Sketches of Shadows
These studies form a body of work titled Sketches of Shadows. Made without a camera, they are photographs created entirely in the darkroom. Using the soft, glimmering light of a flame ‘painted’ over silver gelatin paper, the results chart sculptural reliefs and deliberate plays of light and shadow on the prints. The effect seems random and arbitrary, but requires a degree of control and conscious action, as the shapes do not reveal themselves until the paper is in the developing chemicals. While painting light over the surface, I am essentially working blind.
Once the print has emerged, shapes that may resemble or evoke certain motifs reveal themselves. In some we have forms that appear as eyes; a symbol of clarity which stands in contrast to the blindness of their making. Naturally the eye has long featured in art as a symbol of omniscience and mystery, often with an unsettling undertone. It was used extensively in Surrealist art such as René Magritte's The False Mirror (1929), a painting which was once owned by Man Ray, who himself returned to the device countless times in his photographs and films.

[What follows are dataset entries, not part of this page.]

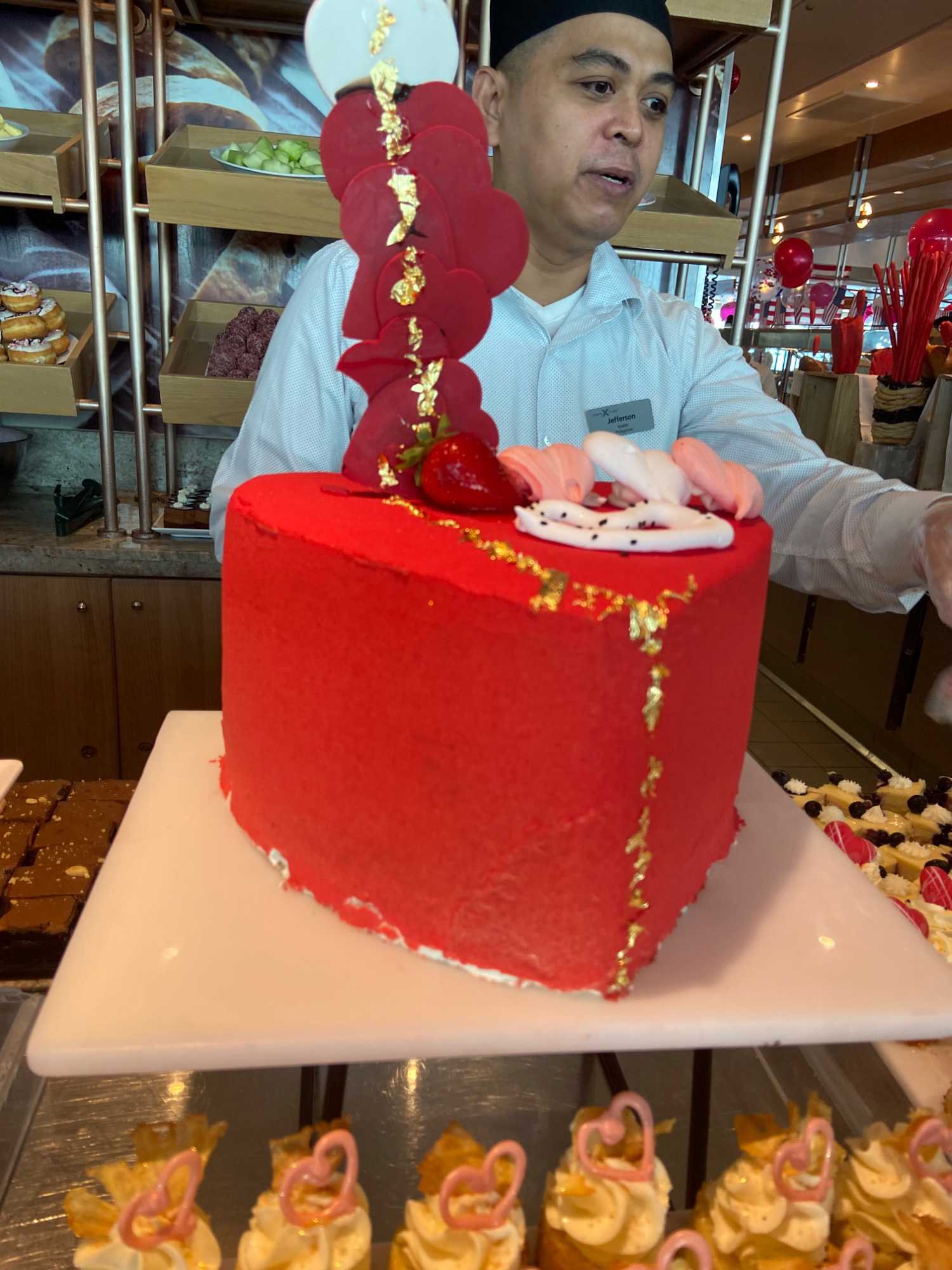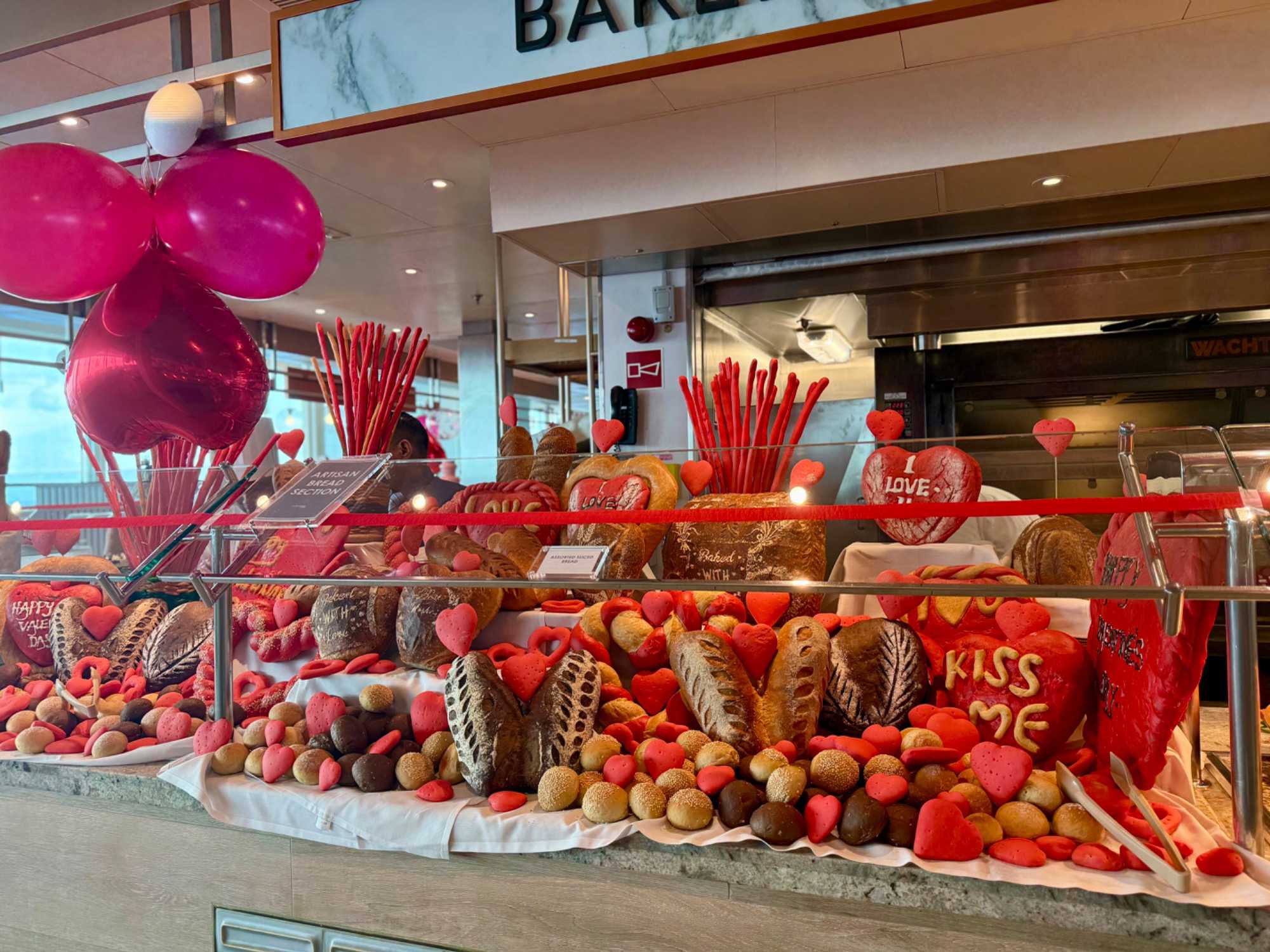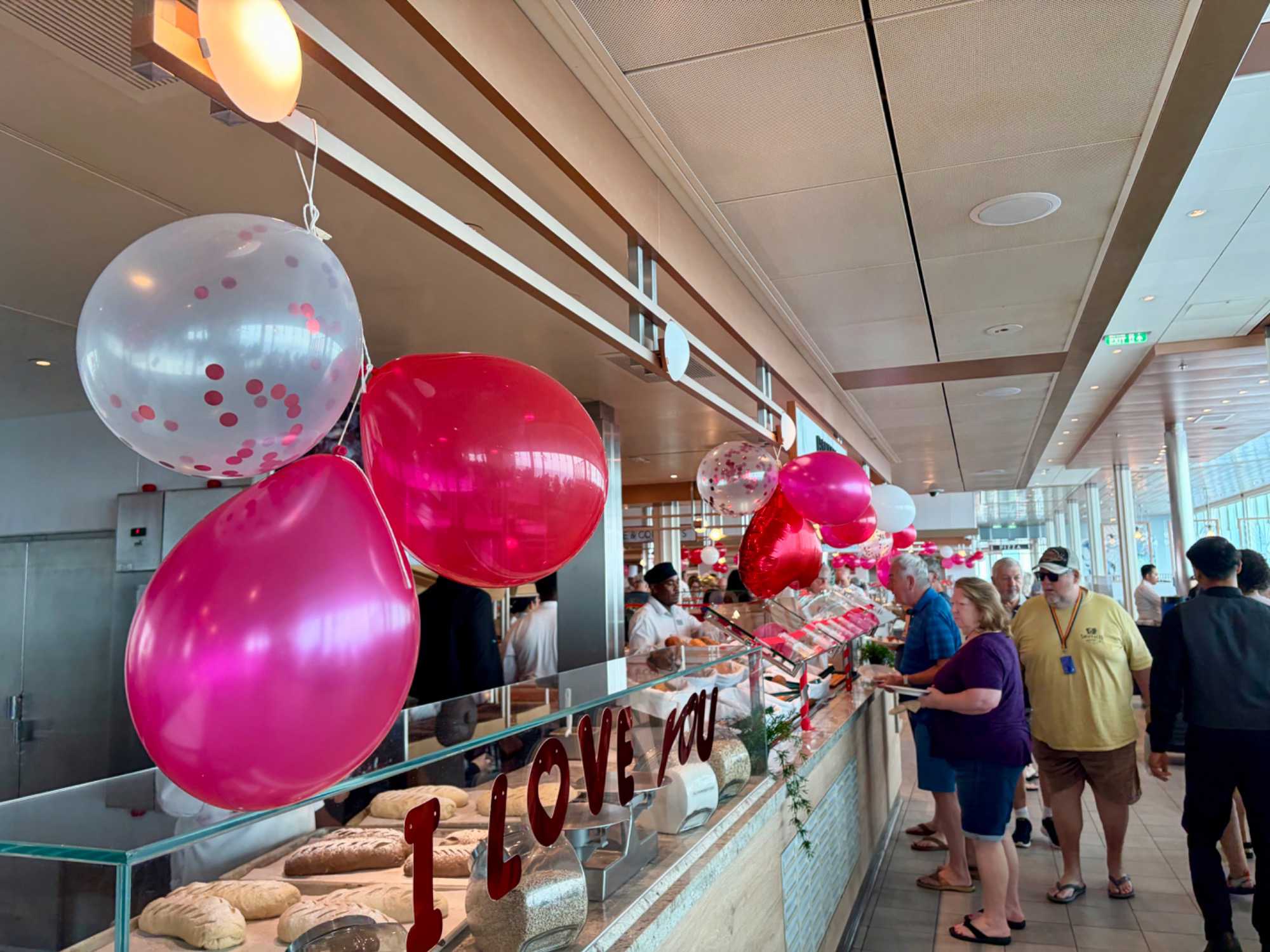 Hey oui, j’imagine que les bâillements se sont faits entendre ce matin dans le creux des cabines. Chut, nos voyageurs profitent de cette deuxième journée en mer pour reprendre quelques heures de sommeil perdues. Mais, lors de la sortie de leur chambre pour aller prendre leur petit déjeuner, ils ont eu droit à une petite surprise. Des fées « de l’amour » avec leur baguette magique, avaient laissé tombé au cours de la nuit, des « vagues » de petits coeurs sur leur porte pour leur rappeler la thématique de la journée « la fête des amoureux ». Une petite carte accompagnait ce « déluge » de petits coeurs rouges et roses. Et des chocolats. Un petit geste pour les faire sourire et leur rappeler l’importance de l’amour dans nos vies.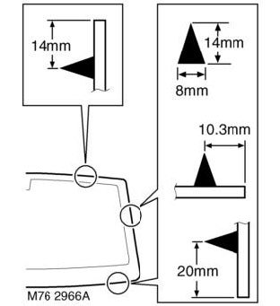 CAUTION: Do not apply heavy pressure to the sides of the windscreen. Lightly press windscreen from centre outwards until edges are to required gap. Pushing sides into position can bend windscreen and lead to cracking in service.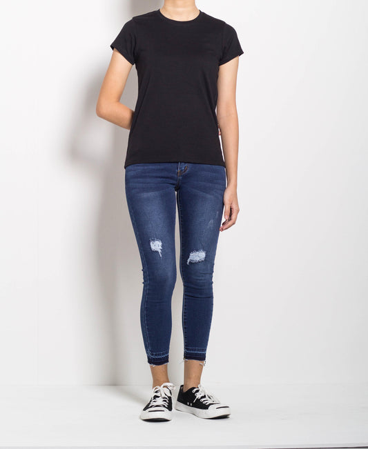 Women Short-Sleeve Basic Tee - Black - F0W708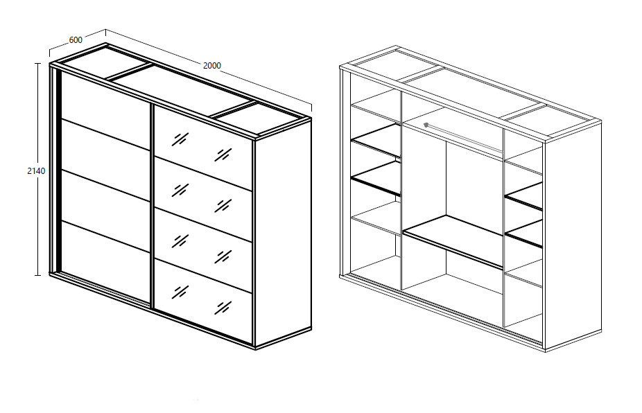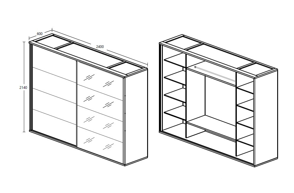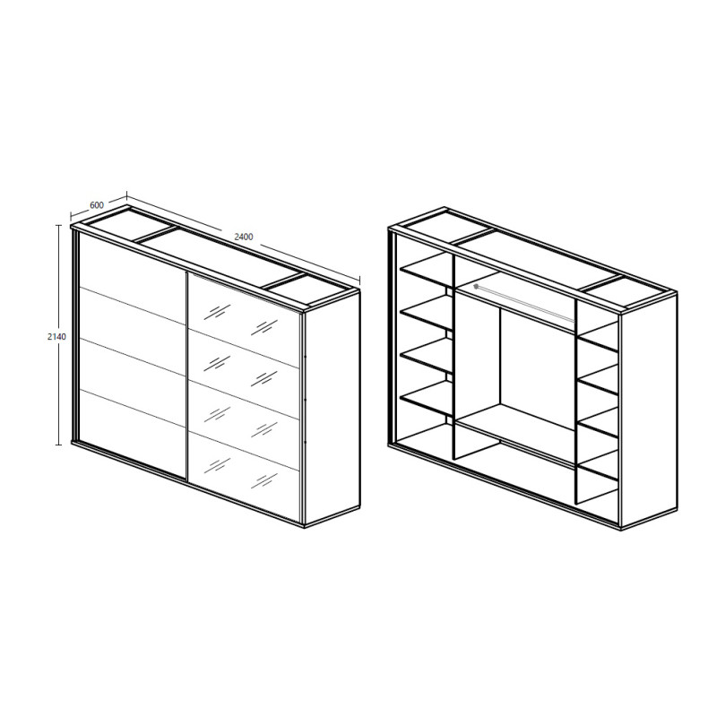 Armoire : L 200 x H 214 x P 60 cm ou L 240 x H 214 x P 60 cm

The affiliation to Surrealism is also reflected in the process of revealing the unconscious or unknown through imagined and incidental gestures. Aesthetically this work also owes a lot to the photograms and paintings of László Moholy-Nagy. Each print is a one-off and cannot be recreated in the same manner. Conversely, there is no end to the available forms that can be made using such techniques, making it an entirely autonomous process.